**The task**
Where the line containing "いえいえーまたいこう(^_^)RT @simon_isogai: ごちそうさまでした〜!" appears, end the copy there, keeping that line; start from the first line of the entries, copy exactly, and omit pictures.

**Dataset excerpts**

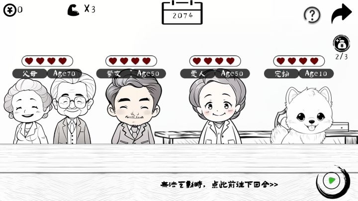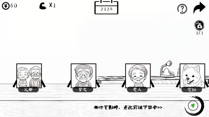 Emmm……怎么说呢~《团圆照》主要玩法类似羊了个羊的选牌三消游戏🎮。一开始,你需要和你珍爱的人建立关系——父母、挚友、爱人和狗🐶。每成功创建一段关系后,你和TA都会有一个基本的亲密度💖。不过,这个亲密度每回合都会下降一点点⬇️,每次下降,你亲密的人就会慢慢变透明,直至消失……💔。所以,你需要维系好和他们的关系哦👥。而为了做到这点,你就得去挣钱💰!挣钱后,可以进行
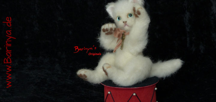 Katze Tim 16cm – sitzend 12cm Eine aufgeweckte , weiße Jungkatze die gerne auf ihrer „Trommel“ posiert. Dieses Kätzchen ist...
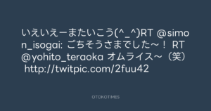 いえいえーまたいこう(^_^)RT @simon_isogai: ごちそうさまでした〜! RT @yohito_teraoka オムライス〜(笑) http://twitpic.com/2fuu42
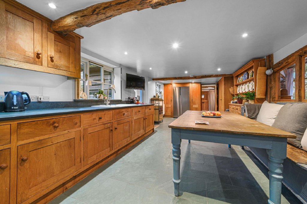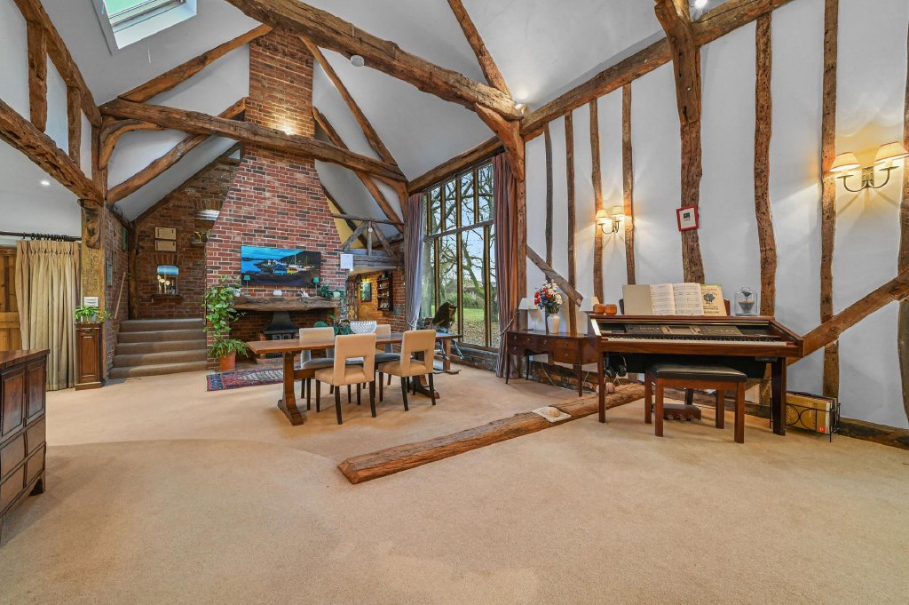 Stepping into a thoughtful porch, there is space to decamp muddy boots after a country stroll, such a necessity in a country residence. From here you enter a stunning kitchen with practical slate floor, bespoke window shutters, crafted cabinets blending with beams, plus modern double fan ovens, an induction hob, and space for an American-style fridge freezer, allowing chefs all they need to cook up a family feast, with a large table to enjoy casual dining. It's a favourite spot in summer, remaining cool yet light - the perfect place to escape the heat of the day. The cloakroom is just to the side, and from the kitchen you step into the vast, vaulted reception room, with magnificent beam work and thoughtfully zoned spaces. A book nook or library area, with two armchairs perfectly positioned for morning papers and garden views, sits alongside a formal dining area enjoying picture window vistas of the grounds and a log burner. A music zone and a cosy sofa section by a further fireplace, overlooking trees and shrubs, make this the go-to spot in winter. The impressive fireplace runs floor to ceiling with exposed brickwork and a small staircase leading to a minstrel's gallery. To the right of the sofas is cupboard space known as the "priest's bolt hole". This vaulted space is wonderfully light, with floor-to-ceiling windows, and makes a fabulous entertaining area when family and friends come together for celebrations.
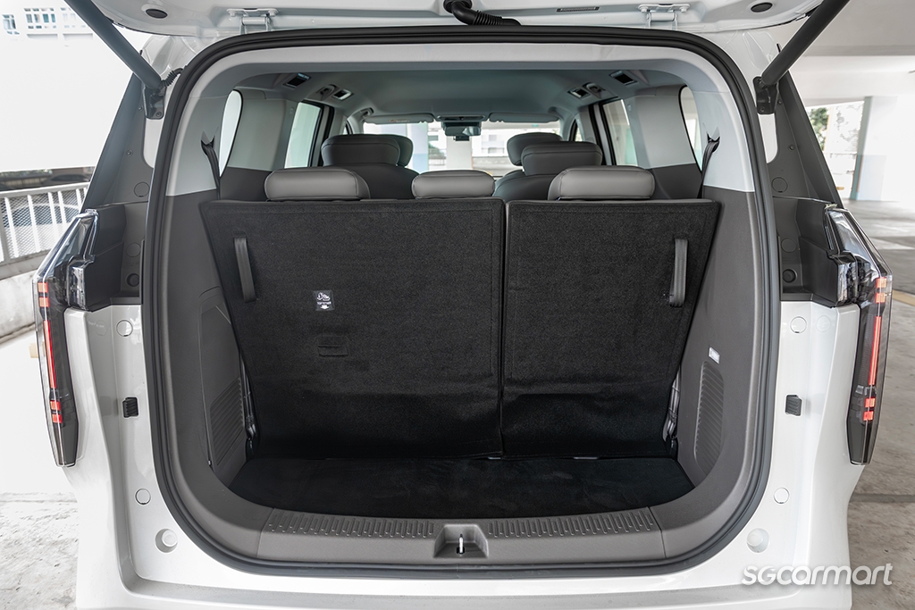And the Maxus MIFA 7 Elite comes with plenty of handy features as well. Need to load up the car with the entire week's worth of groceries? There's not only a powered tailgate here, but also a total of 280 litres of space, which can be expanded to 760 litres (the largest in its class) if you fold the last row of seats down. For context, that means you'll be able to fit one 28-inch alongside two 20-inch suitcases even with all seats up. And the Maxus MIFA 7 Elite comes with a total of 45 different compartments in its cabin so you can bring along all your family's essentials.
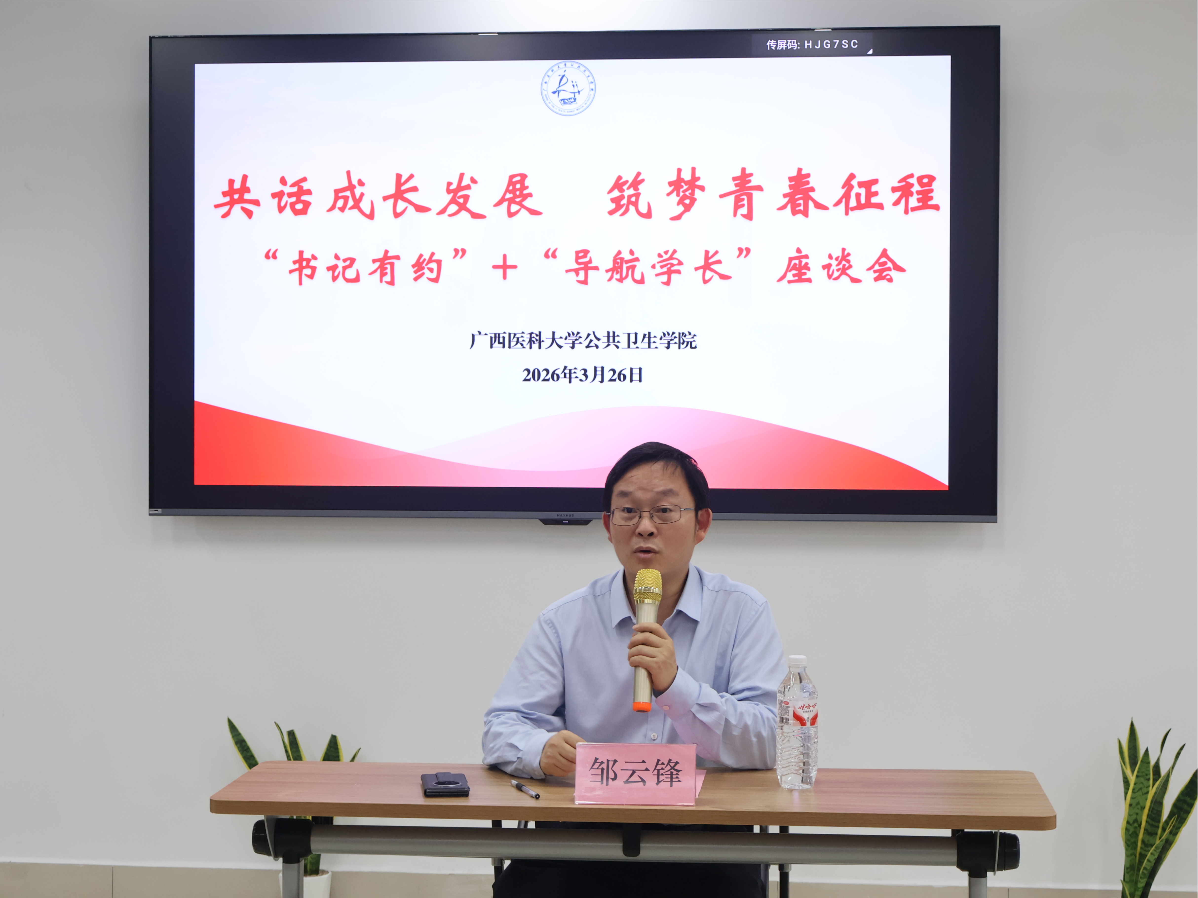 会上,三位优秀导航学长分别结合自身国外交流经历与学习成长历程,围绕海外学习模式、科研实践体验、跨文化交流、个人发展规划等方面进行分享,为低年级学生提供了鲜活的成长范例与实用参考。邹云锋围绕人才培养目标与青年成长需求,提出三点希望:一是心怀梦想、笃行致远,涵养家国情怀,努力成为顶天立地的公卫人;二是认清自我、坚定目标,以开阔视野提升综合能力,以奋斗姿态砥砺成长品格;三是脚踏实地、知行合一,把个人成长融入公共卫生事业,以实干担当服务国家、奉献社会。交流提问环节,同学们就专业学习、职业发展、能力提升等问题踊跃提问,领导与学长们耐心细致解答,现场交流氛围浓厚。
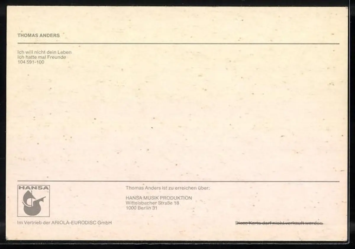 AK Musiker Thomas Anders mit nachdenklichem Blick, Autograph

**Reply**
 Emmm……怎么说呢~《团圆照》主要玩法类似羊了个羊的选牌三消游戏🎮。一开始,你需要和你珍爱的人建立关系——父母、挚友、爱人和狗🐶。每成功创建一段关系后,你和TA都会有一个基本的亲密度💖。不过,这个亲密度每回合都会下降一点点⬇️,每次下降,你亲密的人就会慢慢变透明,直至消失……💔。所以,你需要维系好和他们的关系哦👥。而为了做到这点,你就得去挣钱💰!挣钱后,可以进行
 Katze Tim 16cm – sitzend 12cm Eine aufgeweckte , weiße Jungkatze die gerne auf ihrer „Trommel“ posiert. Dieses Kätzchen ist...
 いえいえーまたいこう(^_^)RT @simon_isogai: ごちそうさまでした〜! RT @yohito_teraoka オムライス〜(笑) http://twitpic.com/2fuu42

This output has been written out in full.